A practical guide to web data QA part V: Broad crawls

If you haven’t read the previous parts of our Practical guide to web data QA, here are the first part, second part, third part and fourth part of the series.

During a broad crawl, you might be extracting data from thousands or tens of thousands of websites with different layouts. When you scrape this many websites using a single spider, analyzing and validating the extracted data can be challenging. One important question to answer is what criteria should be used to determine the overall quality of the dataset.

In the following article, which is the final part of our QA series, we’re going to work with 20,000 different sites and go through all steps with detailed explanations about the process. In this example, we are interested in finding specific keywords on the sites - if the keyword is found on a page then it should be flagged for further analysis.

A large subset of heterogeneous sites should be processed to collect information for a specific keyword. We are going to crawl recursively starting from the domain and check all found links on the landing page. Several types of limits can be introduced here, like:

Time limit - stop the spider after X hours
Keyword matches - in case of 10 pages with the keyword, stop the spider
Processed pages - after X processed pages complete the job for the given domain

The goal is to get as many pages as possible and verify the existence of keywords in them.

Step 1: Preparation - start with a small subset

The first step is inspired by two popular topics in programming:

Simplifying a complicated problem by breaking it down into simpler sub-problems in a recursive manner.

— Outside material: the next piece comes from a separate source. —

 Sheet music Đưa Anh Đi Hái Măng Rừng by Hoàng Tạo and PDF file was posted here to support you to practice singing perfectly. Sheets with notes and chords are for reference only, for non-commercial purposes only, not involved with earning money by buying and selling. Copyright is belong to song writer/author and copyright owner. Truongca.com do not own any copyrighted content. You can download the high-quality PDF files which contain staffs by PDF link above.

The idea is to identify good representations of 1-5% of the dataset and work with it. So for 20,000 sites, we can start with 200 sites that represent best the dataset. A random selection might work as well when it’s not possible to pick by other methods.

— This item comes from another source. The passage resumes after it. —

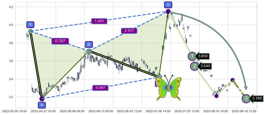 ➣ 已完成【蝴蝶】形态起点X: 05-20:14, 终点D: 07-05:14, 共121交易小时

At this point, these should be clear:

The requirements
The edge cases if any
What’s important and where should the focus be

Let's assume that our sites are named like this:

site_1
site_2
...
site_n

We are going to use a semi-automated approach to verify the first n sites and the results extracted from the spider:

Is the item coverage correct?
Is the keyword detected correctly?
Edge cases - javascript, rendering problems, redirects

In this step, a summary of the first n spiders plus the semi-automated checks can be represented in tabular form:

In columns with the yellow header, you can see the extraction from the spiders, while in the blue columns it’s the result from the semi-automation. If you want to learn more about semi-automation then you can read the previous blog post from our QA series.

Pivot tables are handy to group results and show meaningful data for conclusions about coverage. Example for status:

The evaluation criteria for the first subset is the number of:

failed jobs
jobs with errors
coverage issues

This is the high-level evaluation of the first run. In the next step, we will check how to identify potential problems.

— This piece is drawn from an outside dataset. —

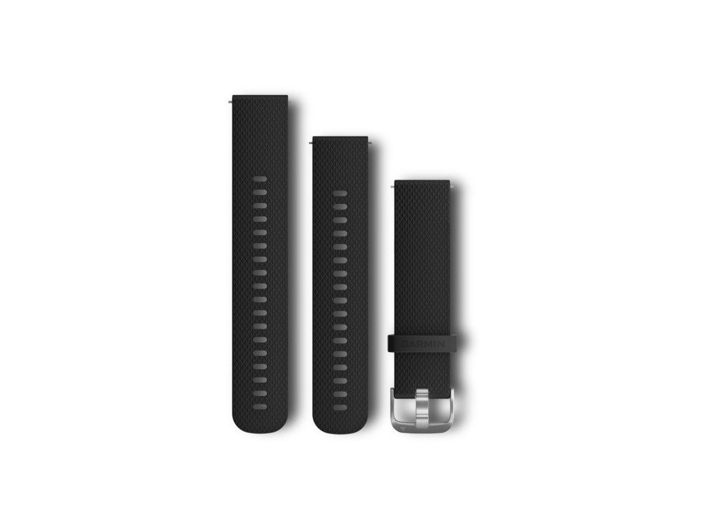 Náhradní černý silikonový řemínek se stříbrnou přezkou pro hodinky Garmin vívoactive3 Optic. Šířka řemínku 20mm, systém uchycení Quick Release. Použitelný pro hodinky: - vívoActive3 Optic - vívomove Optic - Forerunner 645 V balení dvě délky (S/M a L), pro obvod zápěstí (127–215 mm).

Step 2: Identify and discuss possible problems

The remaining parts of the data validations:

Check if items have a different URL from the domain list of the subset
1. Example: site_1 has links from site_1111 - report those cases
Check missing domains in the final results or extra domains
1. If the list of the scraped sites miss any from the initial subset
2. In case of redirect - site_1 redirects to site_33
Verify the job logs and analyze them for errors, redirects, or warnings
1. HTTP status codes 301, 404, 503 etc
Analyze the keywords and the item coverage

The combination of the previous two results will be the criteria to decide if this first run is successful or not. If there are any problems, a new full run of the subset might be required (after fixes and corrections) or only on the sites which have problems.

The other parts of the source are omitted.